Illinois Traction Company
In the early 1900's, a series of interurban railroads were consolidated by businessman William B. McKinley into the Illinois Traction System (ITS), an affiliate of the Illinois Power and Light Company. The Illinois Traction System, at its height, provided electric passenger rail service to 550 miles of tracks in central and southern Illinois.
The system's Y-shaped main line stretched from St. Louis to Springfield, Illinois, with branches onward from Springfield northwest to Peoria and eastward to Danville. A series of affiliated street-level city trolley lines provided local passenger service in many of the cities served by the main line.
The longest-lived segment was at East St. Louis area of the line descended from an Edwardsville-Alton interurban line bought by the Illinois Traction System in 1928. Because the Illinois Traction System traversed some towns on street trackage with very tight turns, freight operation required the use of short trains and special hardware.
New bypass trackage was constructed around some towns for freight operation to partially solve this problem. Springfield was an example of this.
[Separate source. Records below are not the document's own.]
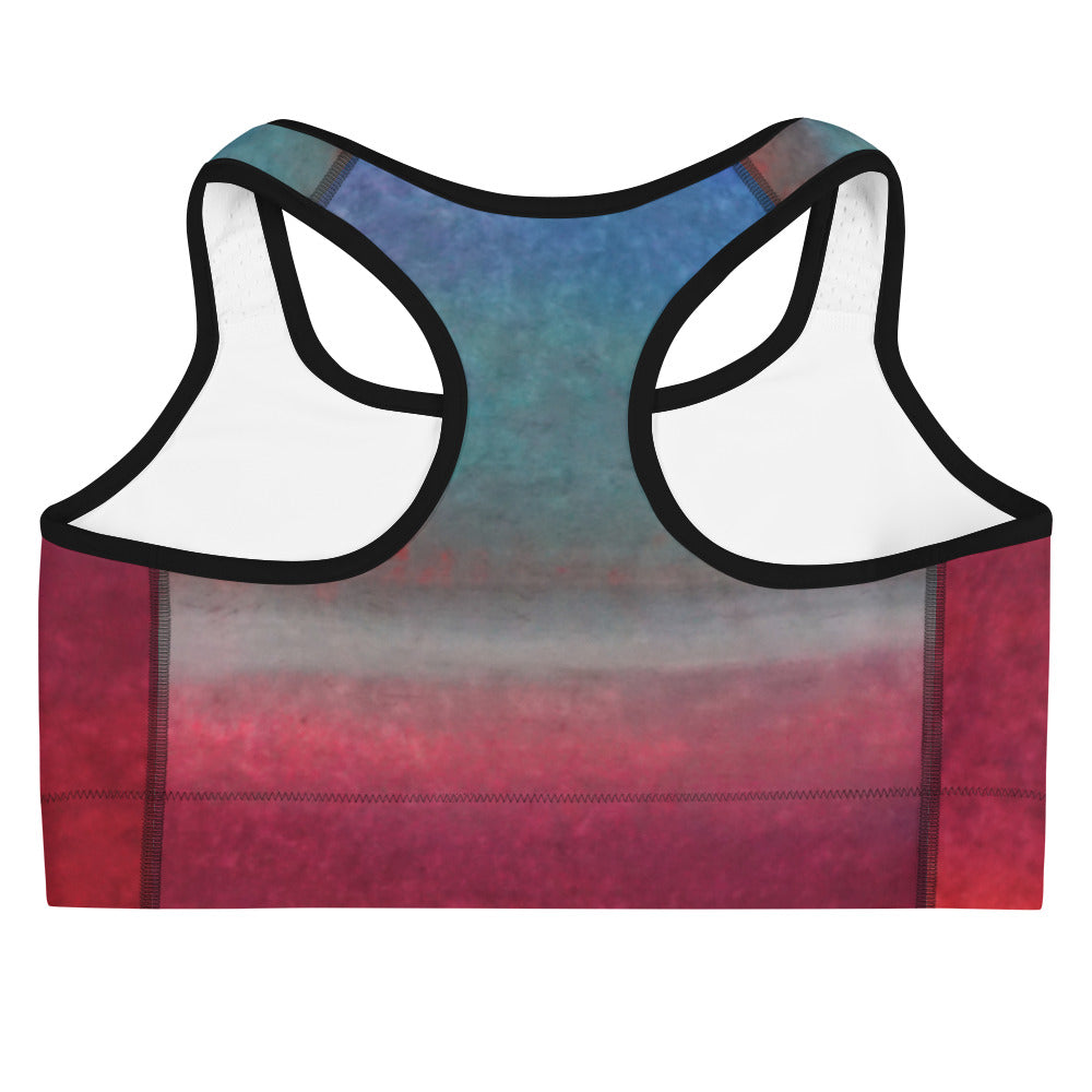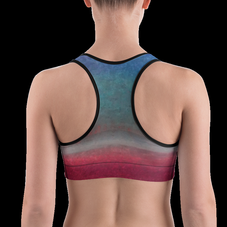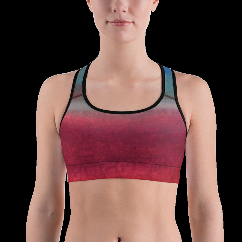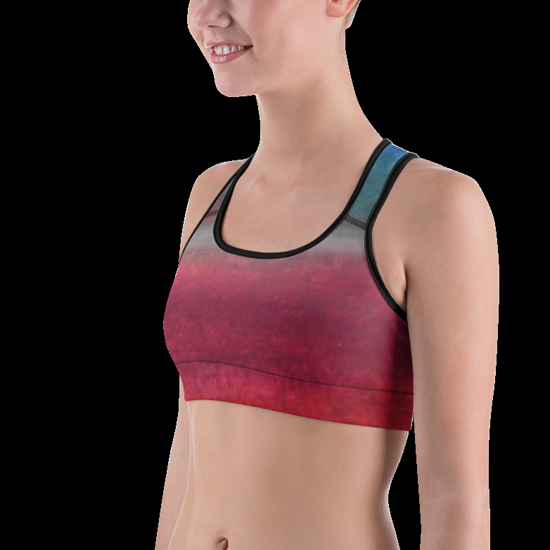 This gorgeous sports bra is made from moisture-wicking material that stays dry during low and medium intensity workouts. The bra has support material in the shoulder straps, double layer front, and a wide elastic band to ensure constant support.
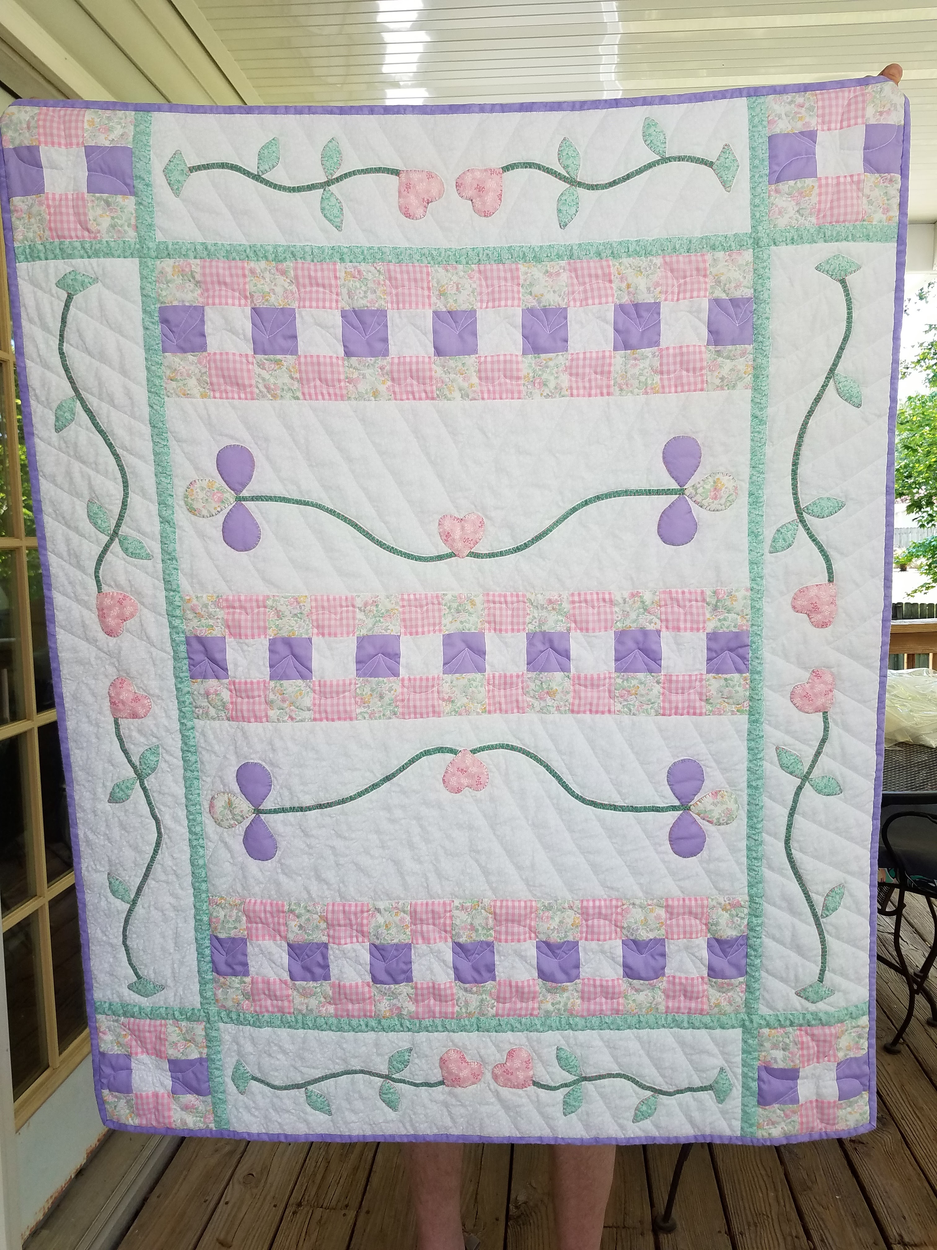 This is the Scrap Dance Mystery quilt From My Carolina Home. from several years ago. I'm thinking it was 2015. I completed this as a leader/ender and it is completely made of scraps. I quilted it using a pantograph for the first time. I originally cut all of the pieces (hundreds) for a twin size quilt and decided I didn't need one that big. I am now using the leftover pieces for another leader/ender. This will be donated to Project Linus.
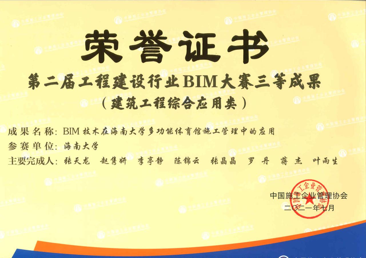 本届大赛组委会设在工业和信息化部人才交流中心,组委会秘书处设在石家庄铁道大学,大赛组委会组建专家委员会,中国工程院杜彦良院士担任专家委员会主任,石家庄铁道大学王明生教授担任秘书长。在赛制上,本届大赛坚持校企联合报名的参赛制度,由院校(高职、本科)和企业联合组成团队参赛。其中由张天龙老师指导、yl6809永利检测中心BIM协会申报的“yl6809永利检测中心多功能综合体育馆BIM技术综合应用”经过网上报名、作品提交、初评、答辩评审等环节,最终再次蝉联金奖!截止到目前,本项目已经荣获2021年全国高校BIM毕业设计大赛二等奖、2021年工程建设行业BIM大赛三等奖和2021年“龙图杯”全国BIM(建筑信息模型)大赛优秀奖。
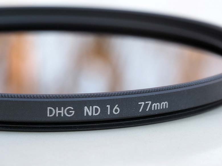 日中の低速シャッター撮影では、NDフィルターを常備しておきたい。オススメのタイプは、3絞り分の減光効果があるND8か、4絞り分の減光効果があるND16(これはND16)。なお、減光量が変えられるバリアブルタイプのNDフィルターもあるが、それはかなり高額な製品になる。
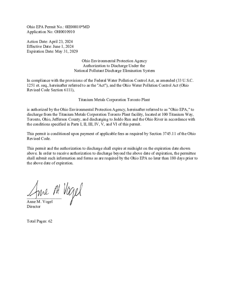 Ohio EPA Permit No.: 0IE00010*MD Application No: OH0010910 Action Date: April 23, 2024 Effective Date: June 1, 2024 Expiration Date: May 31, 2029 Ohio Environmental Protection Agency Authorization
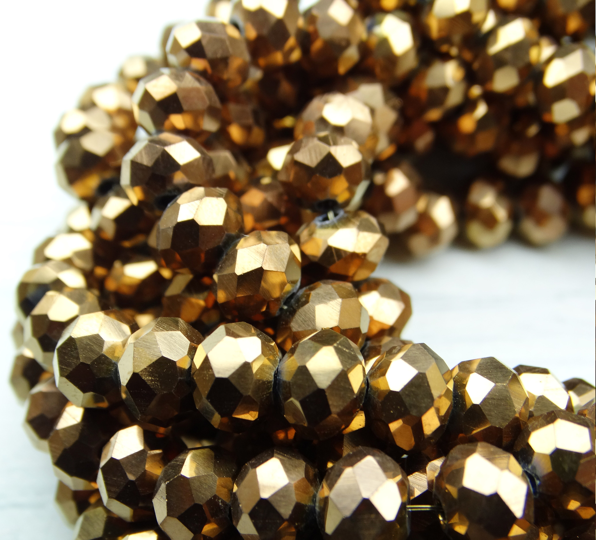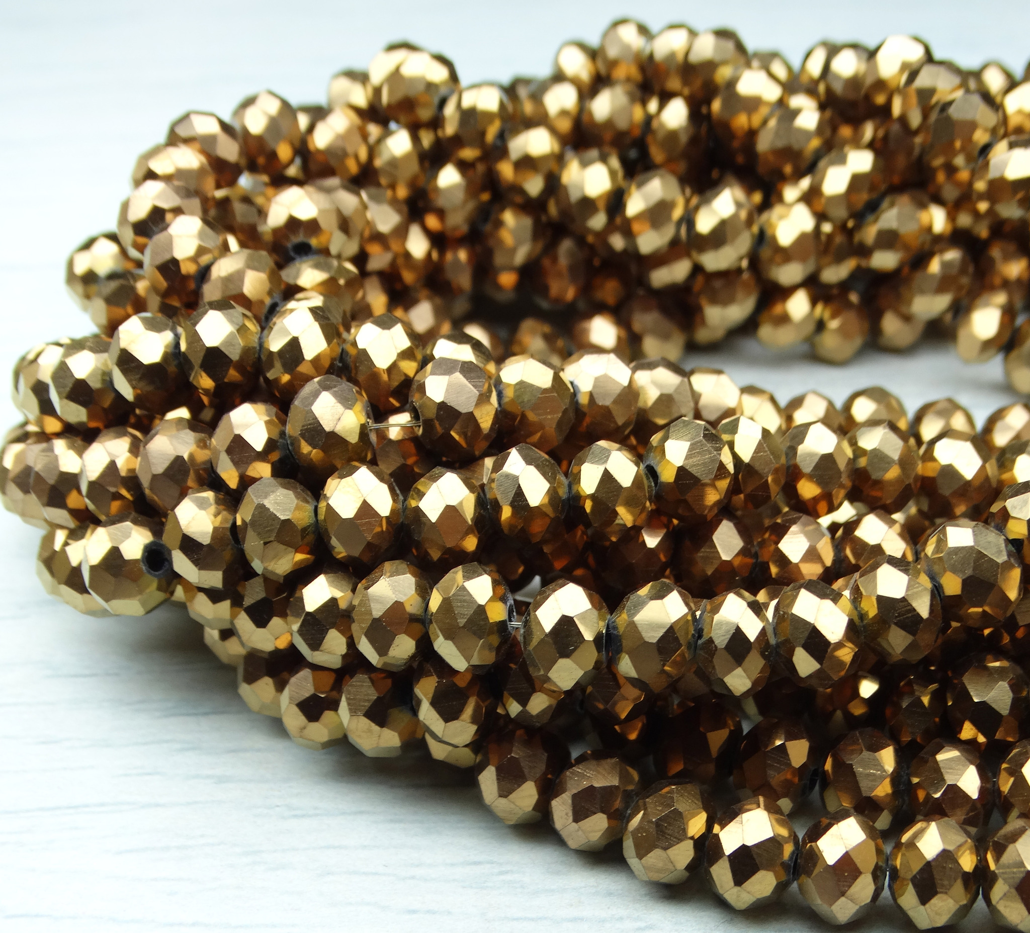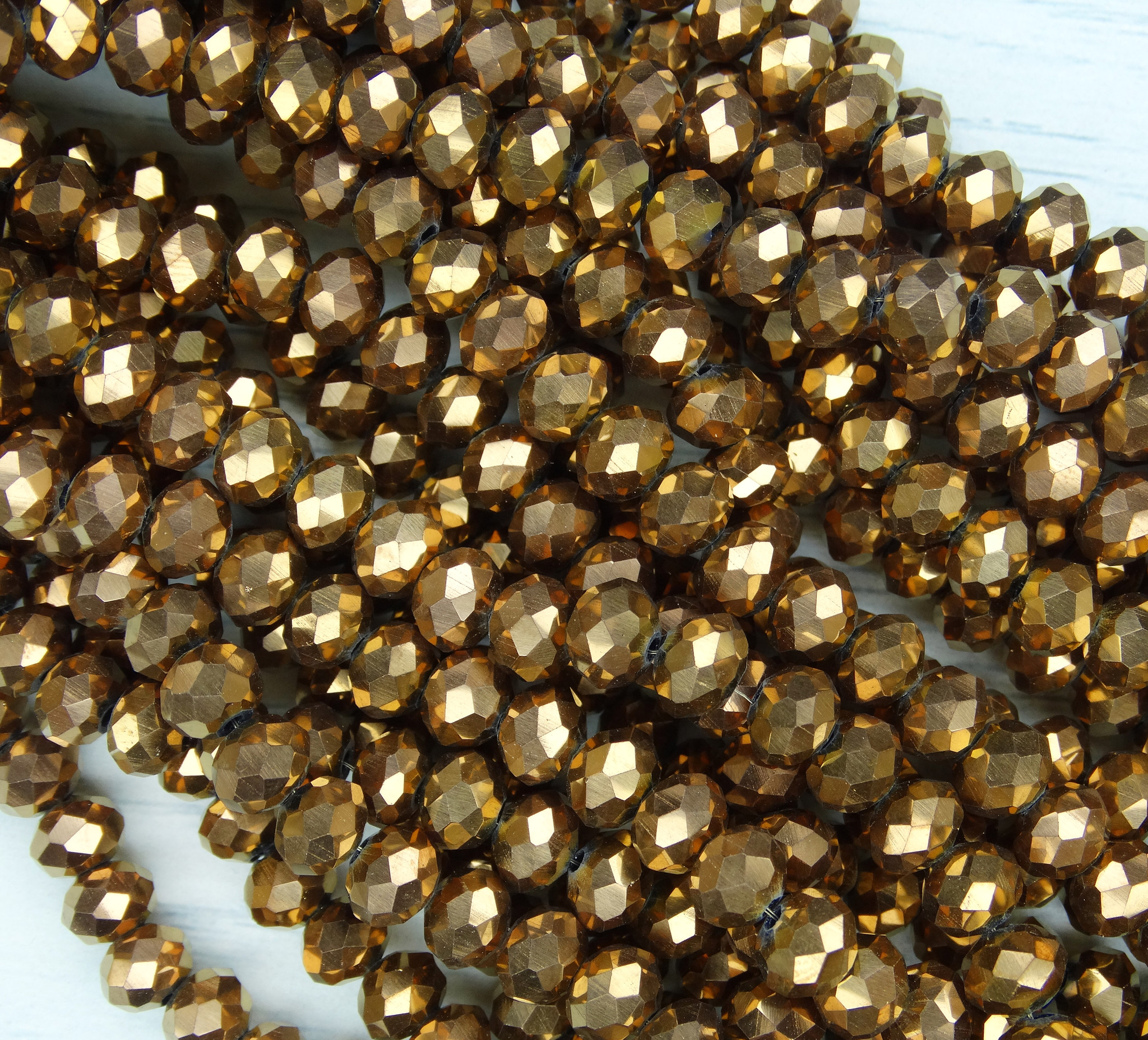 БЛ003НН68 Хрустальные бусины "рондель", цвет: коричневый металлик, размер 6х8 мм, кол-во: 40 шт.

In a few other towns, arrangements were made with a parallel steam railroad for trackage rights in order to provide a bypass.
An example of difficult town running (for the town as well as the railroad) was at Morton, Illinois, just east of Peoria, where a heavy duty well maintained track with trolley catenary suddenly found itself running down the center of the town's brick paved main street.
The company became the Illinois Terminal Railroad Company in 1937.